Also I have a ca. ’58 Frigidaire on the back porch for the same reason – it’s too “late ’50s” looking, and wouldn’t go. Although my 5 year old Kenmore fridge is a POS and the door is about to fall off. Again! I’ve never seen that happen, esp on a young fridge.
So, I might be using the Frigidaire as a stand-in, because I can’t afford a Big Chill!
I say mix and match.
If that frig is white under the brown paint, so much the better. In reality, nobody ever has kitchens that are all one year and style of cabinets and appliances(well unless they’ve recently spent BIG bucks remodeling). Things wear out and you replace them with something else. That’s life.
Are you looking for a real kitchen or a magazine picture? Too much matchy-matchy is boring.

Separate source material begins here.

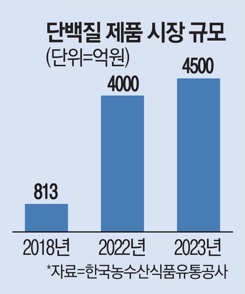 한국농수산식품유통공사(aT)에 따르면, 단백질 제품 시장규모는 2018년 813억원에서 올해에는 4500억원으로 크게 늘어날 전망이다.

I agree completely with Melanie. I love your cabinets and I love your fridge. If you can get the brown paint off, I think you will be much happier with it. Not everything has to match. In reality, only model kitchens in magazines are completely in sync. What is it that Pam is always teaching us??? Love the house you’re in and the stuff that’s in it! You have a lot to be in love with, that’s for sure!
I’m wondering where the refrigerator will actually be in the kitchen as it looks like in the picture, it’s just placed there for now? I think that if the brown fridge goes back to it’s original white, it could look awesome in there. Like BungalowBill said, homes go through progressions through the decades so lots of kitchens will have items from different eras. Lots of times, cabinets and fixtures will stay for many decades where appliances will be replaced more often.
I really think that you can make it work if you truly love that fridge. In our kitchen right now, we have a white vintage stove next to a modern stainless refrigerator and dishwasher and for some reason, it works just fine. I say that you should use the brown (stripped white since it sounds like you’ve started the process) and if you happen upon something later on that matches the era that you’re going for perfectly, be ready to move on it if you’re not happy. Both the cabinets and the fridge are SO cool! Good luck!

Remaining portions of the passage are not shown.